There were a lot of instances where code comments were of no use or didn't add extra information. For example, one method contained a lot of retrievals from a database along with ambiguous looping constructs. Each part of the method contained a comment explain what the next section of code would do. The reason I don't like this firstly comments are deodorant on 'smelly' code. That comment is probably there because the code is not clear enough to be understood. Secondly comments are brittle. If I changed that section of code, then I have to remember to change the comments, another piece of maintenance.

I am a proponent of 'Programming by Intention'. This is a programming style where you give meaningful names to methods, variables, classes etc so that the intent of the object in question is clear. Dave Astel gives an excellent overview here: http://www.informit.com/articles/article.aspx?p=357688

In the case of the Handler class, the method was essentially doing three things:

Obtaining a customer ID
Obtaining an billing ID
Obtaining other parameters from a database and checking to see if those parameters had values.

This resulted in a method of 200+ lines. The clarity or intention of the method has been lost.
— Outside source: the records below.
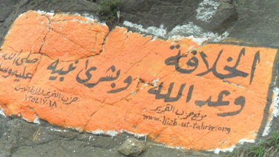 Large banners were hung in main areas in the major cities for people to see. Also by organized and eye catching writings on the walls of the main roads. Members of the Hizb hung many banners in all the cities mentioned above. They included words that encourage Muslims to work for the Khilafah "Caliphate" and explain to them its importance and its uniqueness compared to other man-made systems. Here are some of the statements on the banners: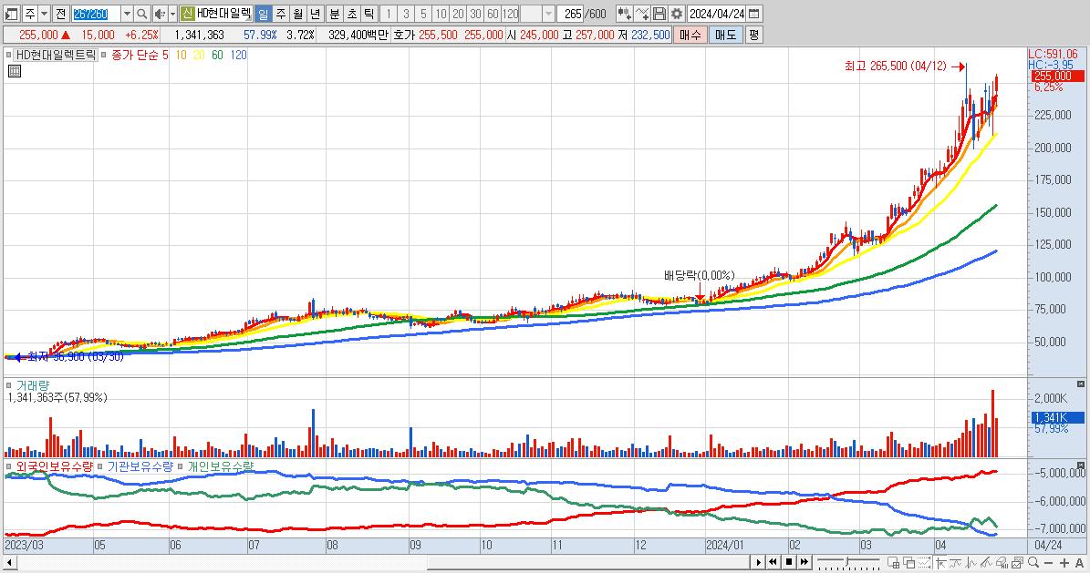 - HD현대일렉트릭 (255,000원 ▲ 6.25% , 시총: 91,920억, 외국인 순매수 거래금:439억)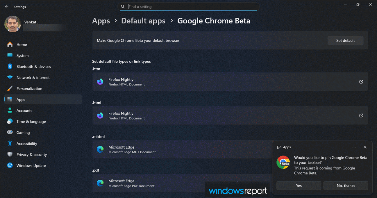 当用户点击“设为默认”后,Chrome 会打开 Windows 系统设置的默认应用界面,同时弹出通知,询问用户是否要将 Chrome 固定到任务栏上。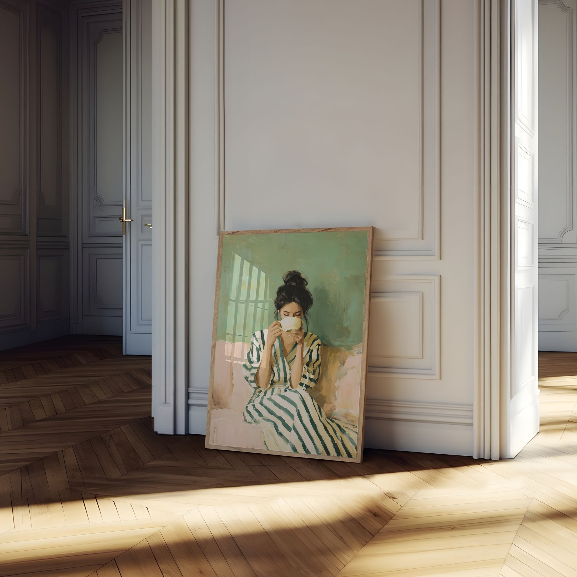 A serene painting capturing a woman in a green and white striped dress, her hair elegantly gathered in a messy bun, enjoying a quiet moment with a soft white coffee cup. The muted sage green background creates a tranquil atmosphere, while the soft pink sofa adds warmth and comfort to the scene. This artistic representation invites viewers to pause and appreciate the simple, intimate moments of daily life.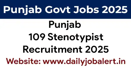 The notification for 109 Stenotypist in various Punjab Govt. departments is released on 28 November 2025.
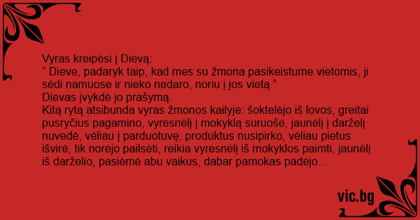 “ Dieve, padaryk taip, kad mes su žmona pasikeistume vietomis, ji sėdi namuose ir nieko nedaro, noriu į jos vietą.“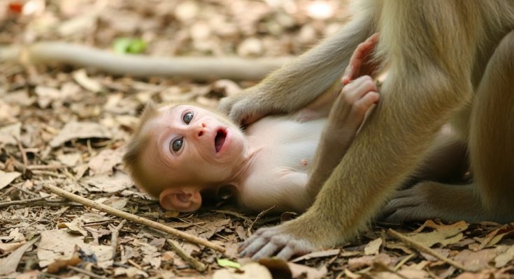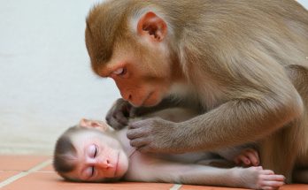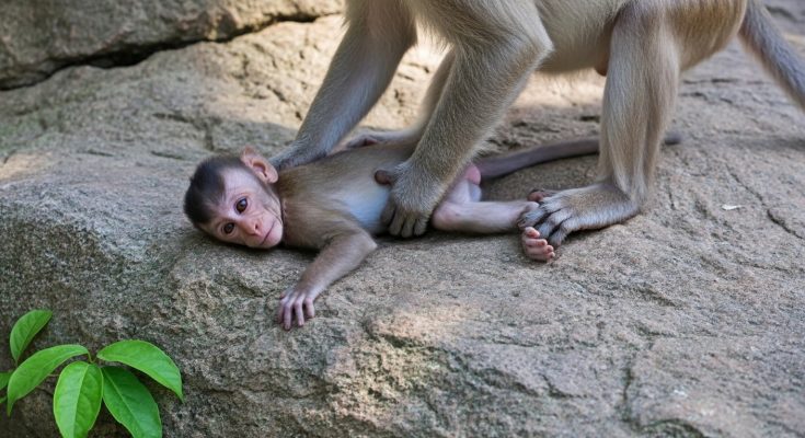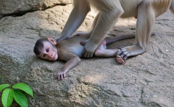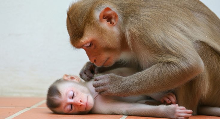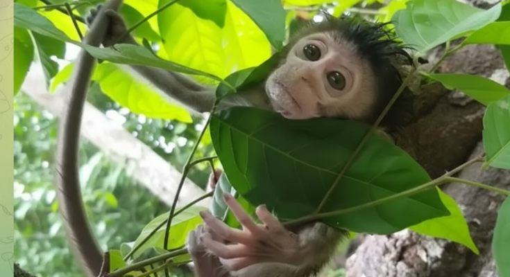 The mother monkey was completely exhausted. Her body felt heavy, like every step cost too much strength. Her arms ached from days of carrying, feeding, protecting, and watching. Her eyes …
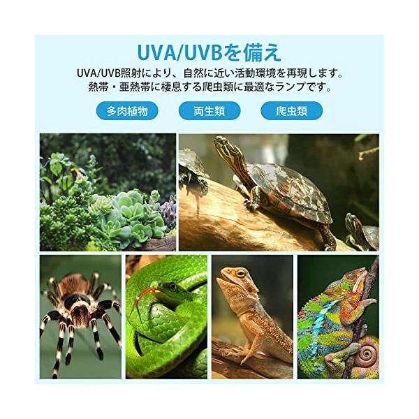 ・【2つの電球付属(25Wと75W)】 亀の飼育には、身体を温める為のバスキングライトと体内のビタミンD 生成の為のUV(紫外線)ライトの2種類が必要です。この両生類用ライトは熱帯・亜熱帯に棲息する爬虫類に不可欠なUVAとUVBを照射するるランプです。また、口金はE27です。蛍光灯、白熱灯、セラミック電球、UVランプ、ハロゲンランプ、LEDなどの他のE27電球にも適用できます。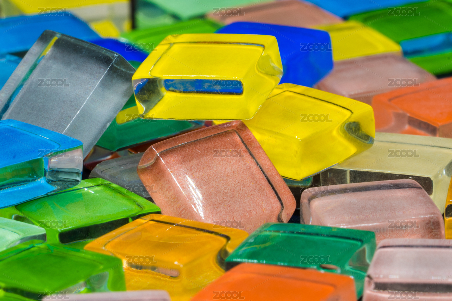 彩色正方形馬賽克玻璃塊堆放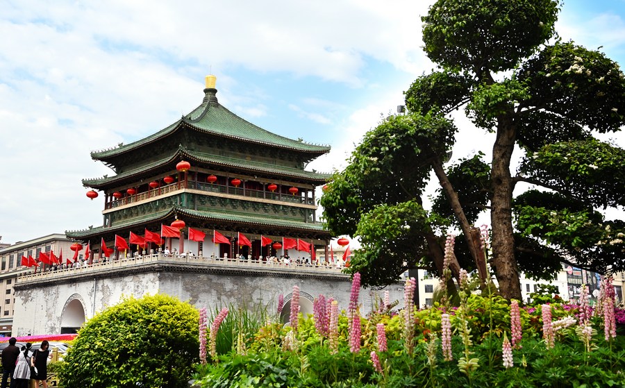 Tourists visit the Bell Tower in Xi'an, northwest China's Shaanxi Province, May 1, 2023. (Xinhua/Liu Xiao)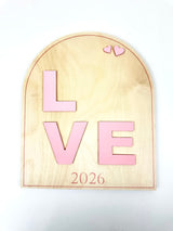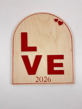 This timeless 3D Valentine keepsake features bold raised lettering spelling LOVE, accented with delicate heart details and a softly arched silhouette. Crafted from natural wood with dimensional red elements, this piece blends classic Valentine charm with a clean, modern feel.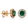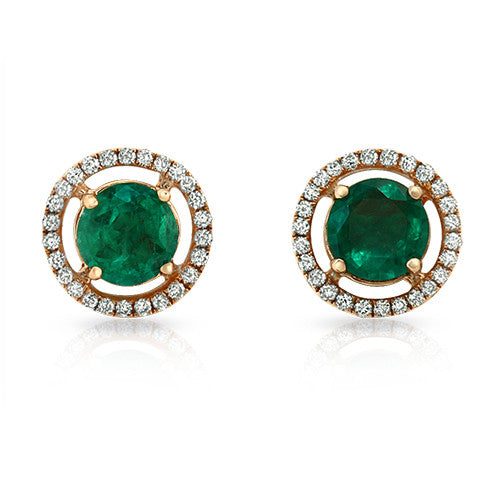 Round Emerald Gemstone Stud Earrings with Round Diamonds on a 18k Rose Gold Halo Setting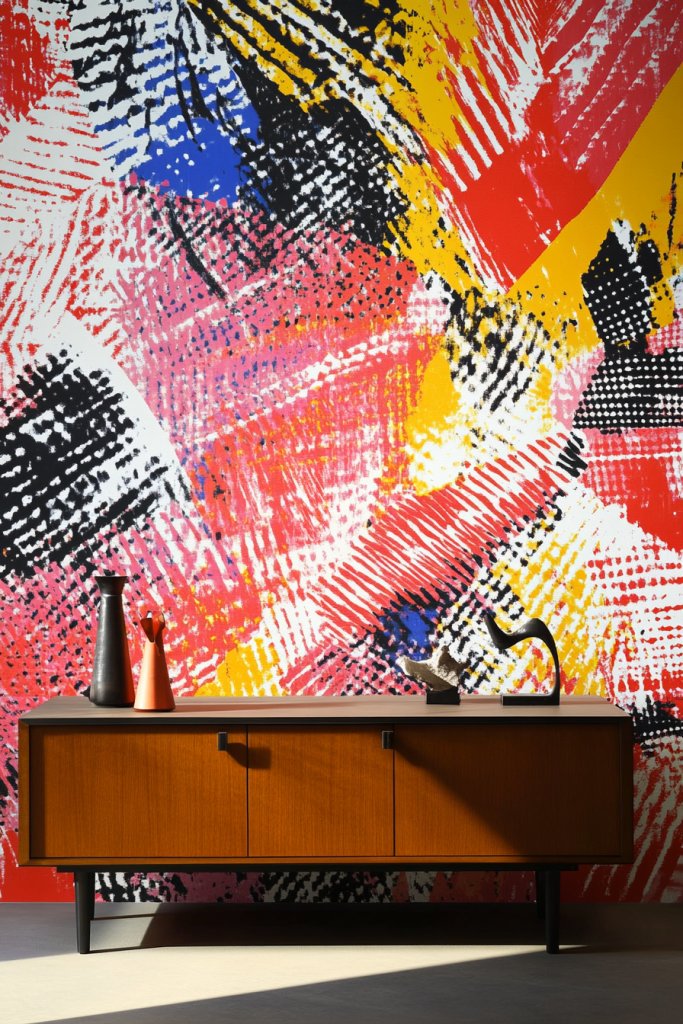 Visualize a bold, patterned wallpaper or a series of framed prints creating a vibrant background. The contrast in patterns and textures draws attention, making the sideboard a focal point. It transforms a plain wall into a statement.

To regain the intention of this method, the method should be functionally decomposed into smaller methods.

i.e.

Now the intention of this method is clearer. The code becomes self-describing and there is not need for extraneous comments.

'Programming by Intention' is not used to declare all commenting is bad, just that commenting must not duplicate a purpose. If the code is clear then commenting what the code does is unneeded. However comments may still be needed. You could draw attention to a particular algorithm being used i.e MergeSort or that the code fixes a particular defect. When the comment has value it should be included, if not it should be discarded.

Use of exceptions to control program flow

Simple. Don't to it. The following link provides arguments:

http://c2.com/cgi/wiki?DontUseExceptionsForFlowControl

Throwing of ambiguous exceptions

There were numerous occasions where java.lang.Exception was thrown instead of a more specific exception. This is bad practice because throwing an ambiguous exception means the catcher cannot react to the exception in different ways. An ambiguous exception loses information on whether the situation is recoverable or irrecoverable. The meaning of the error is also lost. A specific exception should be thrown for a particular situation.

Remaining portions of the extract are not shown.